## DESCRIPTION OF THE TASK
Repeat the data in full. Drop every picture.

## AVAILABLE DATA

= = = = = = =

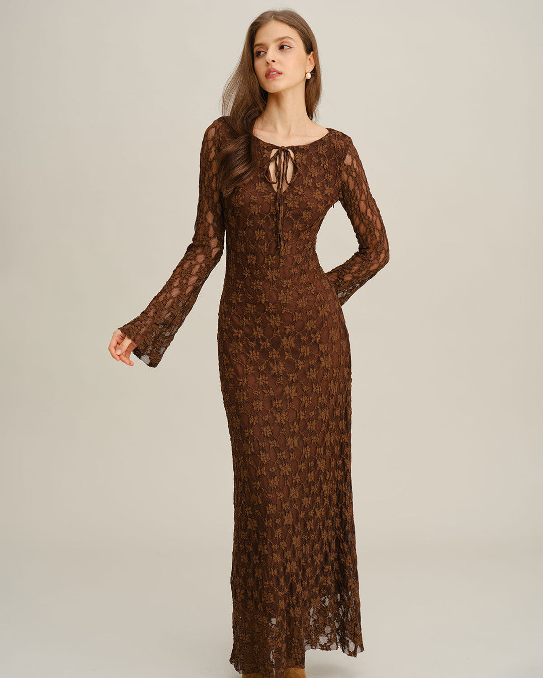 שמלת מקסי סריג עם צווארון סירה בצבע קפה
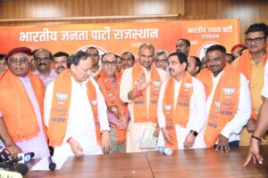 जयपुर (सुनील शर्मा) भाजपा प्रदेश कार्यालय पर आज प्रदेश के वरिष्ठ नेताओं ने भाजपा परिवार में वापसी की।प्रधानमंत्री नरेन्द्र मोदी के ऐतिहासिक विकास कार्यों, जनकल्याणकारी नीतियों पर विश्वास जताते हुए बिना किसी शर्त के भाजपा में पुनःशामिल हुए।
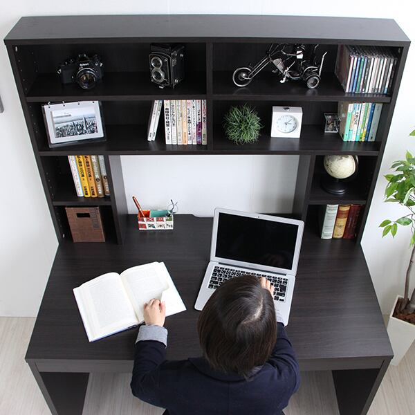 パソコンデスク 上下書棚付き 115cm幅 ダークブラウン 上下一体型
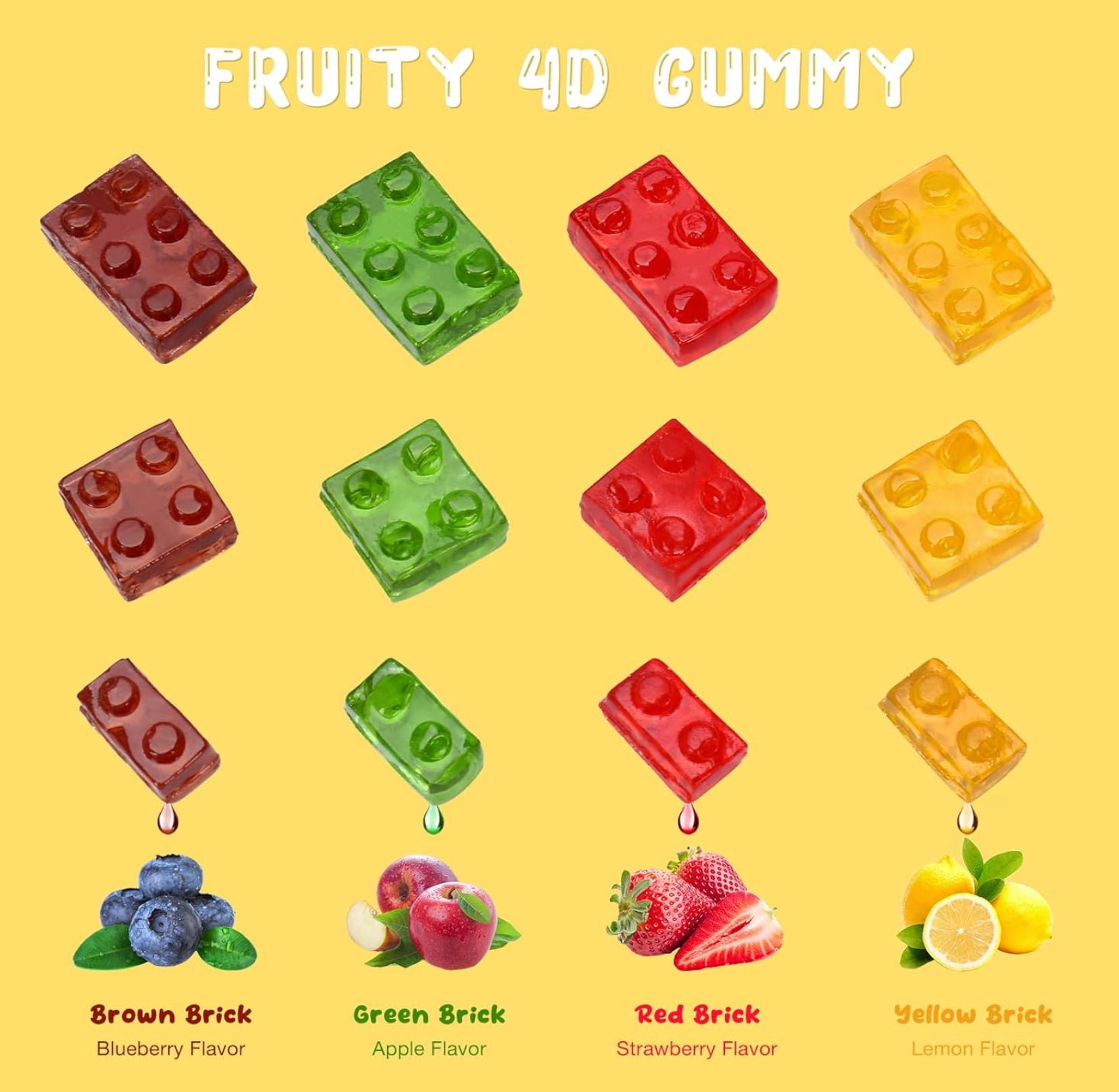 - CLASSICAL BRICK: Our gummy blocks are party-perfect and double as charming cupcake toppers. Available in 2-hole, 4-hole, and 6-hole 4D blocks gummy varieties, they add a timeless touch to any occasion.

= = = = = = =

## THE ANSWER
 שמלת מקסי סריג עם צווארון סירה בצבע קפה
 जयपुर (सुनील शर्मा) भाजपा प्रदेश कार्यालय पर आज प्रदेश के वरिष्ठ नेताओं ने भाजपा परिवार में वापसी की।प्रधानमंत्री नरेन्द्र मोदी के ऐतिहासिक विकास कार्यों, जनकल्याणकारी नीतियों पर विश्वास जताते हुए बिना किसी शर्त के भाजपा में पुनःशामिल हुए।
 パソコンデスク 上下書棚付き 115cm幅 ダークブラウン 上下一体型
 - CLASSICAL BRICK: Our gummy blocks are party-perfect and double as charming cupcake toppers. Available in 2-hole, 4-hole, and 6-hole 4D blocks gummy varieties, they add a timeless touch to any occasion.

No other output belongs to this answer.